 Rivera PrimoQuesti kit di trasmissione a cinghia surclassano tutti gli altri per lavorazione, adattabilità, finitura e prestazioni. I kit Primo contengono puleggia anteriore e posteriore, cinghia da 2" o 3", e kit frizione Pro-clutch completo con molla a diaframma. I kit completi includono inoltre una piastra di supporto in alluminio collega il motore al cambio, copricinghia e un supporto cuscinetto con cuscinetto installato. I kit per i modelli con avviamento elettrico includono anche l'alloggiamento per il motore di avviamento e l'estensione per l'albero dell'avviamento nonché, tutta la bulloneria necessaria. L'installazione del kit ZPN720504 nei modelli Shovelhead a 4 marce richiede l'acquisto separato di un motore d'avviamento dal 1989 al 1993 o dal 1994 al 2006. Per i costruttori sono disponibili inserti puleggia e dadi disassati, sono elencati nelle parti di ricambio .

* * *

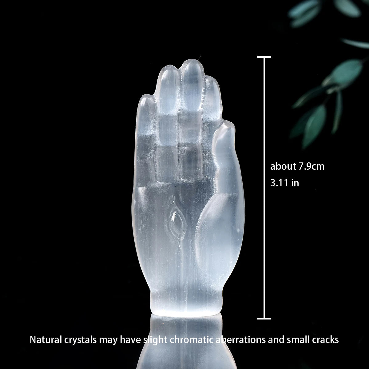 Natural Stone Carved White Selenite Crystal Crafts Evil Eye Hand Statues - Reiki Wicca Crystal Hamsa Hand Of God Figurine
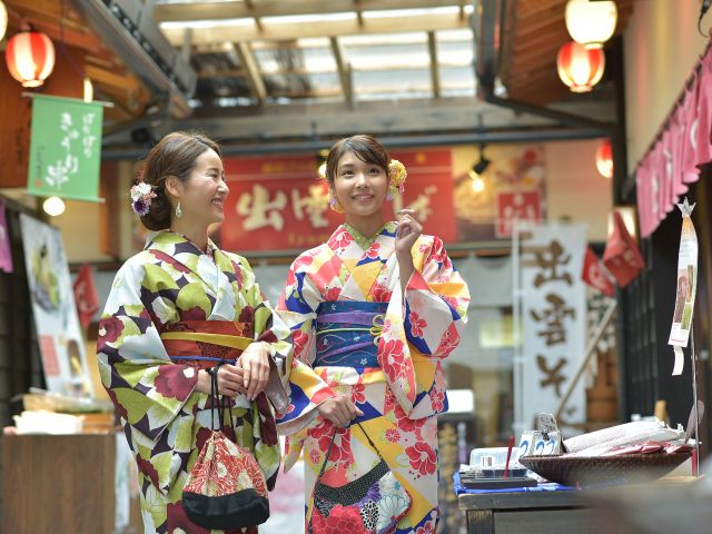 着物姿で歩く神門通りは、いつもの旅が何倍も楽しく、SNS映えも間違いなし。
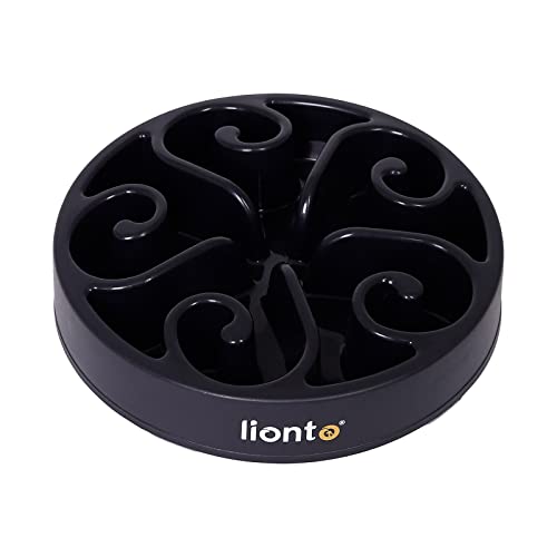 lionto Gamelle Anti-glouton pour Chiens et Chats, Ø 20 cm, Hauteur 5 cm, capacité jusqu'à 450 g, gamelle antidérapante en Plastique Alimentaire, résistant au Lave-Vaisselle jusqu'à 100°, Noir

...

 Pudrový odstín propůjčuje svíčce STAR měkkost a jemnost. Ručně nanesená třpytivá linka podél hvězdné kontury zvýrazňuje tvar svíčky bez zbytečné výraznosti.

## [Task directions]
Only the lines above from the one containing "着物姿で歩く神門通りは、いつもの旅が何倍も楽しく、SNS映えも間違いなし。" through the one containing "lionto Gamelle Anti-glouton" should be returned, verbatim and inclusive, with pictures excluded.

## [Finished task]
 着物姿で歩く神門通りは、いつもの旅が何倍も楽しく、SNS映えも間違いなし。
 lionto Gamelle Anti-glouton pour Chiens et Chats, Ø 20 cm, Hauteur 5 cm, capacité jusqu'à 450 g, gamelle antidérapante en Plastique Alimentaire, résistant au Lave-Vaisselle jusqu'à 100°, Noir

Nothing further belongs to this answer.